Yeah, with ‘Nervous’ I investigated the inside of me. When you’re nervous, your body experiences this sparkle, this shot of adrenaline. When I’m nervous, I cannot eat, whilst it makes other people start eating, gives them this chewing sensation in their body. I felt that sparkly nervous feeling a lot during the pandemic.
I went inside myself and envisioned this internal space and wondered what this world would look like as a landscape. I always notice what I’m feeling. It can be an inconvenience, but it’s a great resource for my art.
Your other works on show with MAPA, ‘Escalators’ and ‘In transit’, explore outside spaces. What inspired you to create these?
Being the sensitive person I am, I may have these temporary colour obsessions. Right now, I’m in a pink and purple phase. At the time of ‘Escalators’ I’d been obsessing over neon green. I was weaving green fibres, creating shapes that felt radio-active and created an alienesque atmosphere. Then, a friend of mine who’s at film school showed me a picture she’d taken of a metro station with a 35 mm analogue camera. It spoke to me. I’m a big fan of analogue pictures, their physicality creates more of a lasting memory. I liked the atmosphere of the escalator scenes and investigated how the green colour would work in that place.
What other things inspire you? Do you draw from memory, or mostly get inspired through other people’s works?

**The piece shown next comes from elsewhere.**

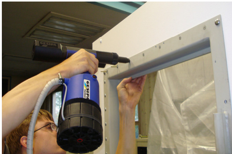
Alternative Montage von Türzargen durch Blindnieten nach der Endkonservierung ohne Nacharbeiten durch Schweißen

I get shower-thoughts, for sure! A spark of inspiration. Being in a social environment can speed up my thinking process too. ‘What if you try out pouring wax on this?’ a teacher proposed to me, and then I went and dipped my paintings in wax. I’m not sure it’s the works of others that inspire me. It’s mostly what they have to say about them that can intrigue me. That’s why I like watching ‘the making of’ of movies, I find them more interesting than the film sometimes. I love learning about how they created a certain fantasy world. I watched ‘the making of’ of Alien, and of The Dark Crystal by Jim Henson (1982). It’s a full thirty minutes during which they show how they made the plants in the background. I couldn’t stop staring at this one flower they talked about for ages.
If you could design your dream studio for after graduation, and it could be anywhere, what would it look like?
The first country that pops up in my mind is Norway. I went there a few years ago and found myself standing somewhere looking at some rocks, and finding it so beautiful I cried. The air was so clean, the water super clear. There’s a dark, cloudy sky. I felt at home.
I don’t like summer. When autumn and winter comes in I get happy. Everything dark and gloomy brightens me.
The cosiness, the warmth you have to look for. So if I could, I’d have that studio in the middle of nowhere. Near a lake, near the mountains. I’d light a candle. Might be too impractical. I’d also love to just do a residency in Scotland or Norway, to have that environmental experience.